Мой муж проглатывал все издания без разбору, кроме женских и медицинских. Он зарывался в них всем нутром. Он искал в них подстрочный смысл, будто от этого зависела его смерть или жизнь. А я работала в медицинском издании. Разумеется, в том, которое он никогда не читал.
Наконец объявили посадку. Прозрачная пелена дождя над взлетно-посадочной полосой сменилась холодной испариной. Пассажиры надели на себя кто что мог. Будь мой ребенок в шлепанцах, я закутала бы ему ноги хоть полотенцем. Родители девочки сохраняли спокойствие.
Я посмотрела на мать. Она выглядела победно. Блондинка типично американского вида. Голубые глаза, короткий вздернутый нос, стрижка, майка без рукавов и светлые шорты в обтяжку – все соответствовало образу веселой, спортивной представительницы Соединенных Штатов, каких часто показывают в боевиках и фильмах про инопланетных пришельцев. Девочка была вся в нее.
Он был совсем другого типа. В очках в золотой оправе. С хорошо намеченной лысиной. Но не с такой, бугристой и некрасивой, зажатой между висков, которую униженно прикрывают чудом оставшимися редкими прядями. Его лысина была вальяжна, она была надушена и вставлена в раму ухоженного темно-русого пуха. Она свидетельствовала по меньшей мере о респектабельности.
Его жена и дочь не ежились от промозглого холода. Они стояли около самого трапа, он их обнимал. Он позаботился, чтобы они вошли в самолет в числе первых.
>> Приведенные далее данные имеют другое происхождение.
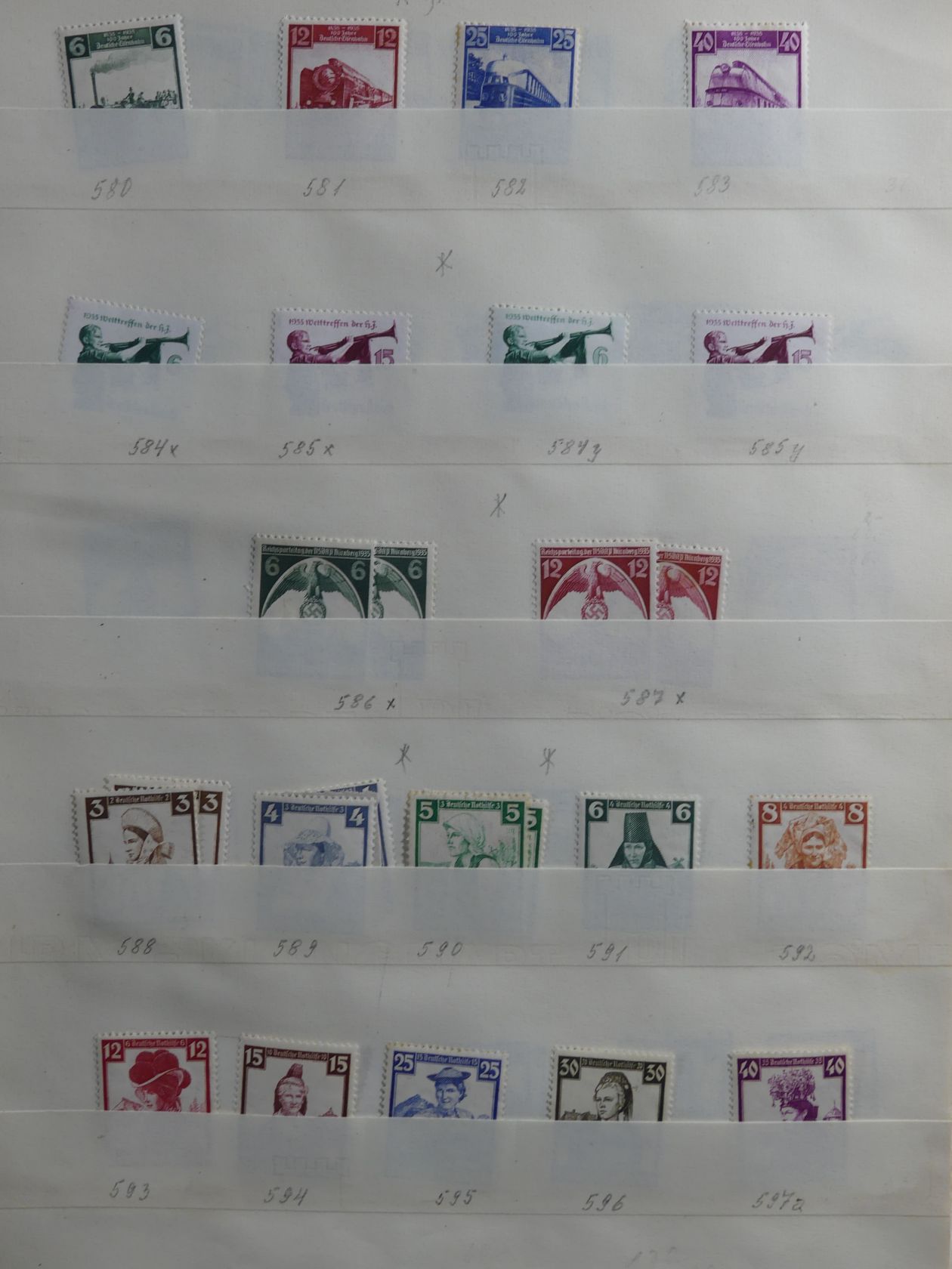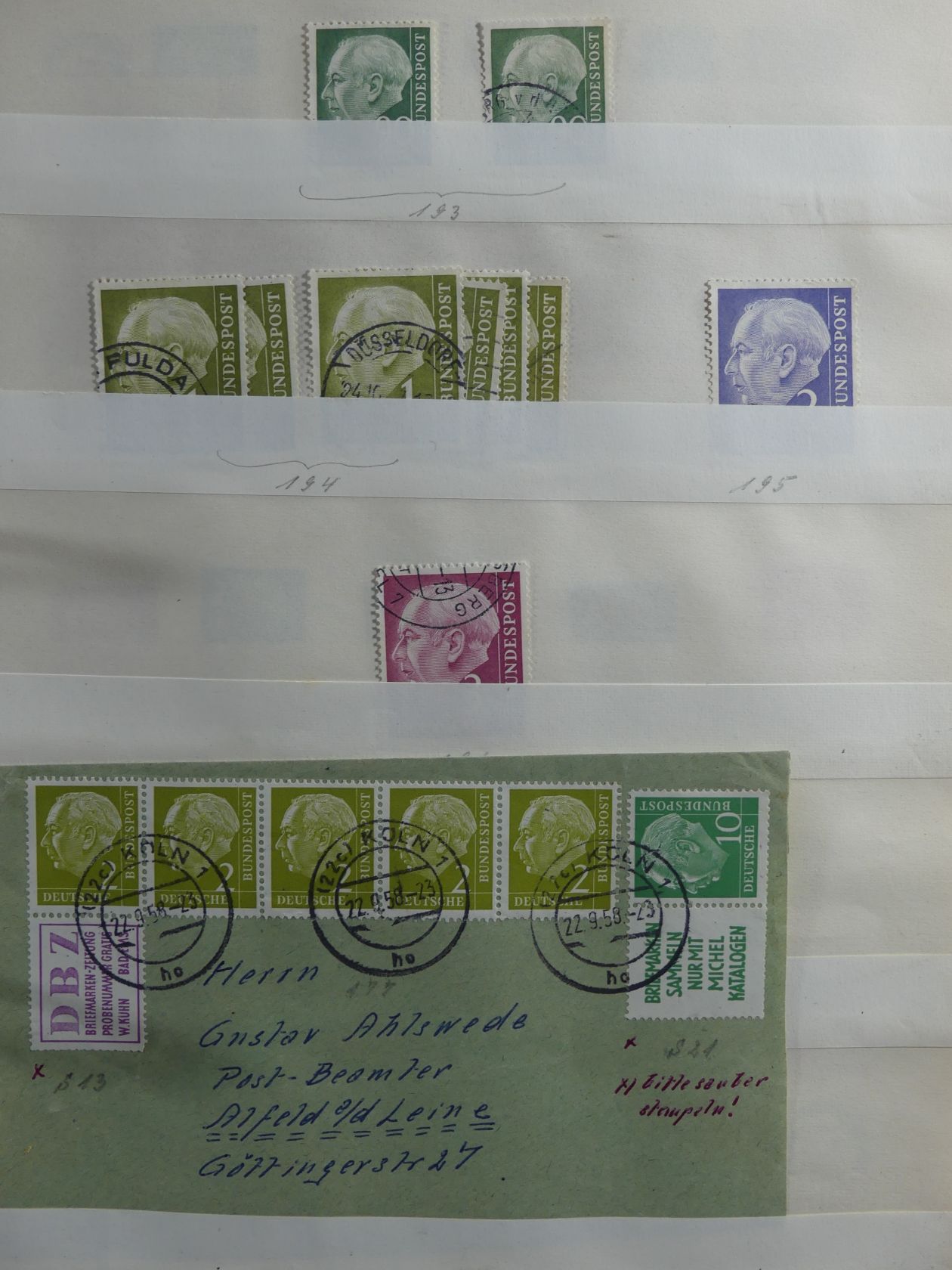 Uralter Sammlernachlass, der seit mehr als 40 Jahren bei den Erben schlummerte. In rund 20 Ordnern und Heftern wurde Deutsches Reich, SBZ, DDR, Zonen, Bund, Berlin sowie das Saarland gesammelt. Meist weitestgehend komplett in unterschiedlichen Erhaltungen. Wie damals üblich, ist fast nichts geprüft und sollte mit der entsprechenden Sorgfalt bewertet werden.
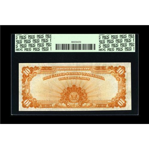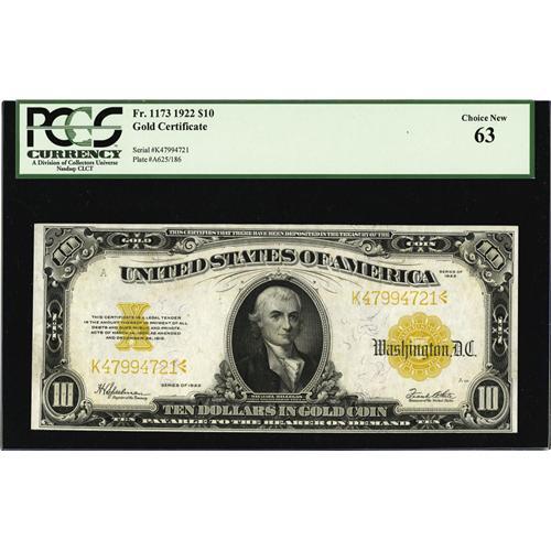 <B>Fr. 1173 $10 1922 Gold Certificate PCGS Choice New 63.</B></I> A beautiful, crisp, bright example that is well centered and has wonderful colors. Uncirculated Gold Certificates are scarce in all formats, but large size notes are extremely difficult to find in today's market. This note should command quite a premium.

– Ты готов был меня сожрать, что я потратила двести рублей на частника, чтобы не тащиться в такую рань на метро. – Я сказала это мужу, как только мы опустились в кресла. Очевидно, бес зависти дернул меня за язык.
– Если бы ты работала не в своей богадельне, а в престижном журнале, – ответил мой муж, – то мы могли бы себе это позволить. Но у тебя доходы другие.
– А при чем тут вообще я? – Игла сама опустилась на заезженную пластинку. – Ты участвуешь в реконструкции своего завода вот уже десять лет…
– У тебя есть претензии? – Муж резко захлопнул прочитанную газету. – Если бы мы полагались на тебя, то не уехали бы никуда дальше тещиной дачи!
– У некоторых жены вообще не работают, однако отдыхать ездят на Тенерифе.
Ребенок самостоятельно пристегнул ремни и продолжал в сотый раз просматривать комиксы. Он был привычен к таким перепалкам.